Metadata-Version: 2.1
Name: schema-classification
Version: 0.1.4
Summary: Perform Intent Classification using an External Schema
Home-page: https://github.com/craigtrim/spacy-token-parser
License: MIT
Keywords: nlp,nlu,ai,classification,intents
Author: Craig Trim
Author-email: craigtrim@gmail.com
Maintainer: Craig Trim
Maintainer-email: craigtrim@gmail.com
Requires-Python: ==3.8.5
Classifier: Development Status :: 4 - Beta
Classifier: License :: OSI Approved :: MIT License
Classifier: Programming Language :: Python :: 3
Classifier: Topic :: Scientific/Engineering :: Artificial Intelligence
Classifier: Topic :: Software Development :: Libraries :: Python Modules
Requires-Dist: baseblock
Project-URL: Repository, https://github.com/craigtrim/spacy-token-parser
Description-Content-Type: text/markdown

# schema-classification
This microservice performs the classification of parse results

## Usage
The input format looks like this
```python
input_tokens = [
    {
        "normal": "my",
    },
    {
        "normal": "late",
    },
    {
        "normal": "transport",
    },
    {
        "normal": "late_transport",
        "swaps": {
            "canon": "late_transport",
            "type": "chitchat"
        }
    },
]
```

Calling the service looks like this
```python
from schema_classification import classify

absolute_path = os.path.normpath(
    os.path.join(os.getcwd(), 'resources/testing',
                    'test-intents-0.1.0.yaml'))

svcresult = classify(
    absolute_path=absolute_path,
    input_tokens=input_tokens)
```

The output from this call looks like
```python
{
    'result': [{
        'classification': 'Late_Transport',
        'confidence': 99 }],
    'tokens': {
        'late': '',
        'late_transport': 'chitchat',
        'my': '',
        'transport': ''}
}
```


## Classification via Mapping
Classification of Unstructured Text is a mapping exercise

The mapping is composed of these elements
1. Include One Of
2. Include All Of
3. Exclude One Of
4. Exclude All Of

The classifier will map extracted entities from unstructured text using the listed elements.

for example,

```yaml
TEST_INTENT
  - include_one_of:
    - alpha
    - apple
  - include_all_of:
    - beta
    - gamma
  - exclude_one_of:
    - delta
  - exclude_all_of:
    - epsilon
    - digamma
```

This intent will be selected if the set of extracted entities has either `alpha` or `apple` and has both `(beta, gamma)`. The intent will be discarded if `delta` occurs or if both `(epsilon, digamma)` occur.

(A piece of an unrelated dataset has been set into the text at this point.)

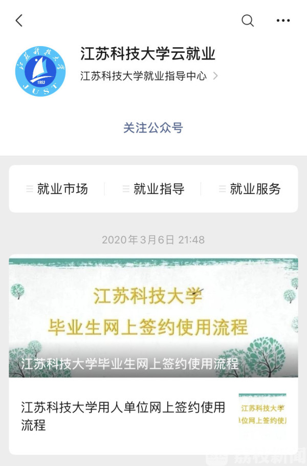 江蘇科技大學就業指導中心主任錢安其介紹,面對突發的新冠肺炎疫情,學校就業指導中心積極調整工作思路,改進工作方法,開通“新錦程職業教育發展平臺”和“北森”網絡求職課程學習,指導學生網上學習求職課程;利用“江蘇科技大學云就業”服務號與學校就業信息網,發布招聘信息,將宣講會線上化,實現就業信息精準推送;開展“不見面服務”,根據學生需求提供成績單、推薦表、協議書、檔案等材料,最大程度為畢業生提供便捷就業服務;組織學生創建“就業信息交流群”,開展線上咨詢,就網絡面試、網上簽約等流程提供指導,不斷優化簽約程序。

In python, everything can be loaded into a native set structure and use native operations like `difference`, `intersection`, `union`, and `symmetric difference`.

Because all set operations are native (underlying C modules), it's extremely fast to find an accurate classification.

The system adds more smarts by figuring out what to do if the rule states `delta` is excluded, and a descendant of `delta` is present.

Or if `alpha` should be included and a sibling or child of `alpha` is present, etc.

In this case, I usually rely on a heuristic to boost or lower confidence and tweak that overtime to get a good result.